Task to complete »
Reproduce the lines below exactly, from the one containing "Jil Sander, um 545 Euro" through the one containing "Los niños fueron", both included. Leave out any pictures.

-------- The records --------

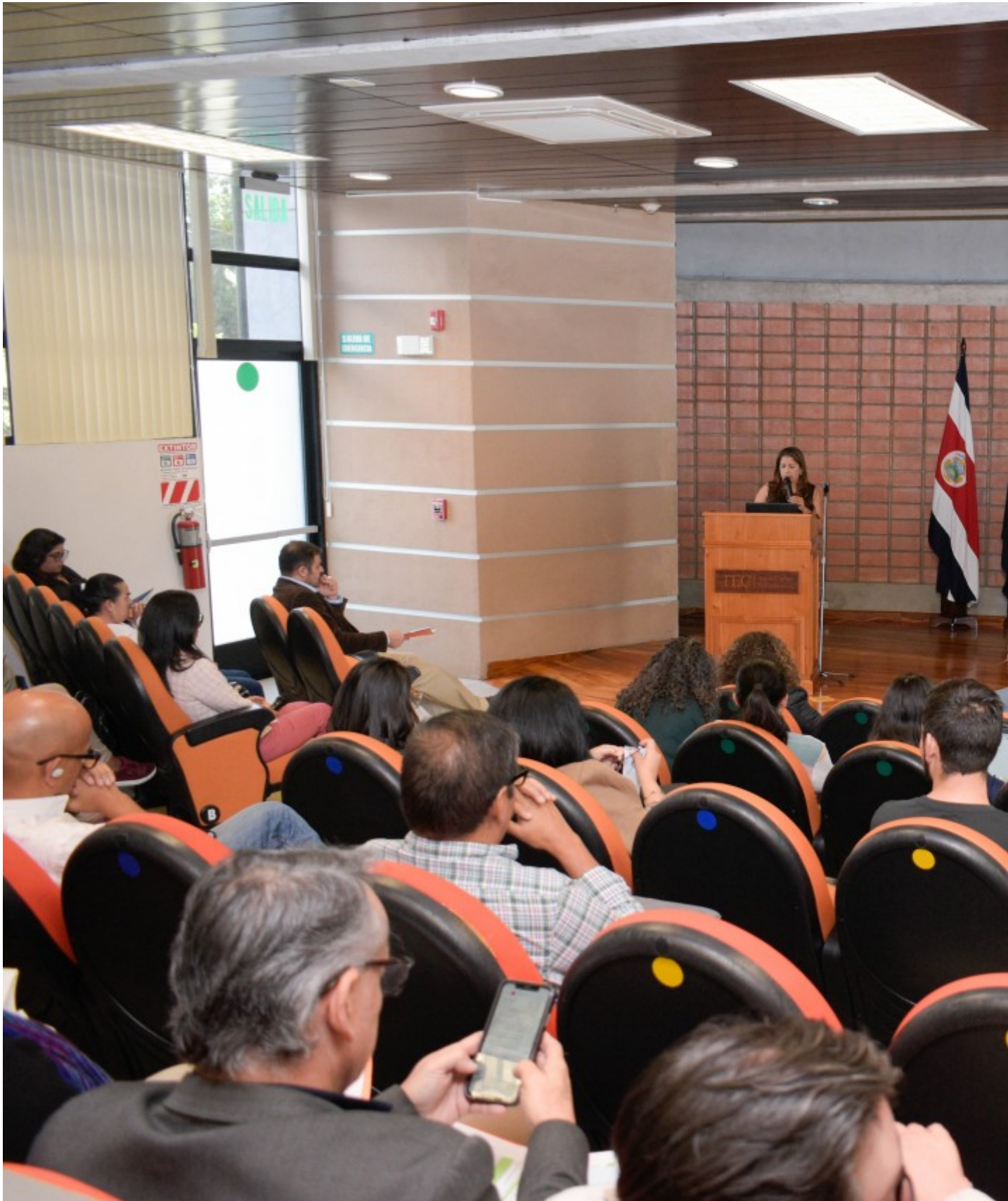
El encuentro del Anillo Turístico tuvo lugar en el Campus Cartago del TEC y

--------
-------- The records --------

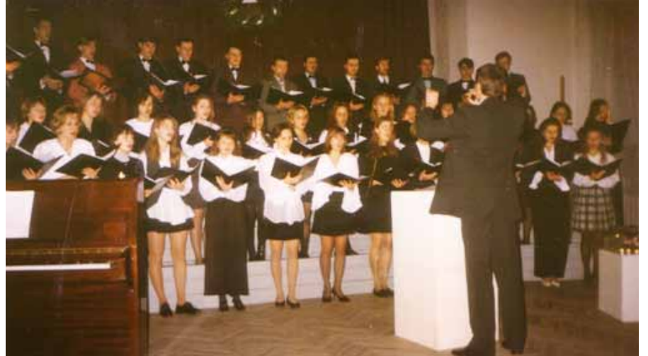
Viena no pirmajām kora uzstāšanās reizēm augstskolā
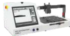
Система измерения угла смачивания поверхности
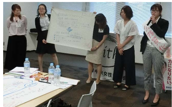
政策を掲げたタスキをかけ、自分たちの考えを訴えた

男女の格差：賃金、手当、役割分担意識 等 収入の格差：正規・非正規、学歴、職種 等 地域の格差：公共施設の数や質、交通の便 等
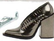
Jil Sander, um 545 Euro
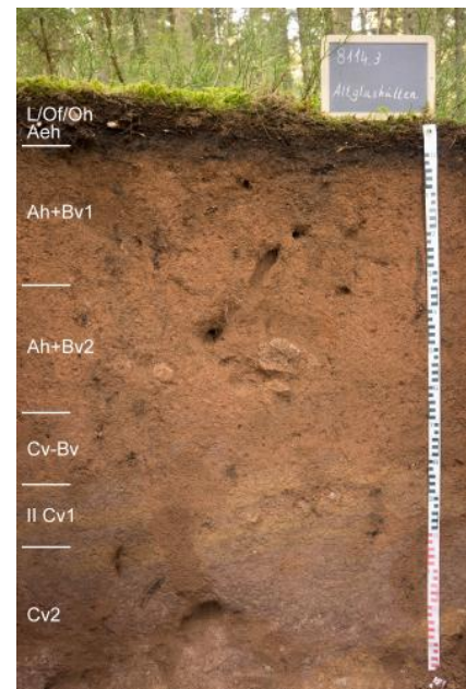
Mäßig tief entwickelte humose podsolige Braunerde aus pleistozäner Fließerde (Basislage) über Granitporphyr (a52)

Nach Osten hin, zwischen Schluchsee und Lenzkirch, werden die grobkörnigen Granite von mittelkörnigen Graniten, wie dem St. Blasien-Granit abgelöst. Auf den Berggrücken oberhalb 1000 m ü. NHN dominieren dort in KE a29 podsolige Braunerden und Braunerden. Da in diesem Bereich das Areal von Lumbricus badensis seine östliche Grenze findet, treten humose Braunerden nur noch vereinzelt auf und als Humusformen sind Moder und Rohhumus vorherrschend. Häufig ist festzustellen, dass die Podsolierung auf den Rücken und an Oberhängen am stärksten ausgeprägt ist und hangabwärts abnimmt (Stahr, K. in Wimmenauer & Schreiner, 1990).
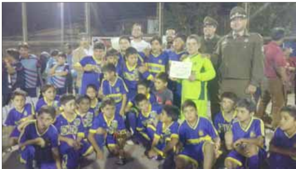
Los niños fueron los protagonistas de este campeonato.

--------
-------- The records --------

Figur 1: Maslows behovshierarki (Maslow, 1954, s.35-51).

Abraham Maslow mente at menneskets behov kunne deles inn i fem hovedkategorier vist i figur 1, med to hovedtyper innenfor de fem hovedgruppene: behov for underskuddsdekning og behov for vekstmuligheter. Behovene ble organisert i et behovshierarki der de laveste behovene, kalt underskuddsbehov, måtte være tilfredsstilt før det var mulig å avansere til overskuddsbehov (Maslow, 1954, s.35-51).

--------

Task output »
Jil Sander, um 545 Euro
Mäßig tief entwickelte humose podsolige Braunerde aus pleistozäner Fließerde (Basislage) über Granitporphyr (a52)

Nach Osten hin, zwischen Schluchsee und Lenzkirch, werden die grobkörnigen Granite von mittelkörnigen Graniten, wie dem St. Blasien-Granit abgelöst. Auf den Berggrücken oberhalb 1000 m ü. NHN dominieren dort in KE a29 podsolige Braunerden und Braunerden. Da in diesem Bereich das Areal von Lumbricus badensis seine östliche Grenze findet, treten humose Braunerden nur noch vereinzelt auf und als Humusformen sind Moder und Rohhumus vorherrschend. Häufig ist festzustellen, dass die Podsolierung auf den Rücken und an Oberhängen am stärksten ausgeprägt ist und hangabwärts abnimmt (Stahr, K. in Wimmenauer & Schreiner, 1990).
Los niños fueron los protagonistas de este campeonato.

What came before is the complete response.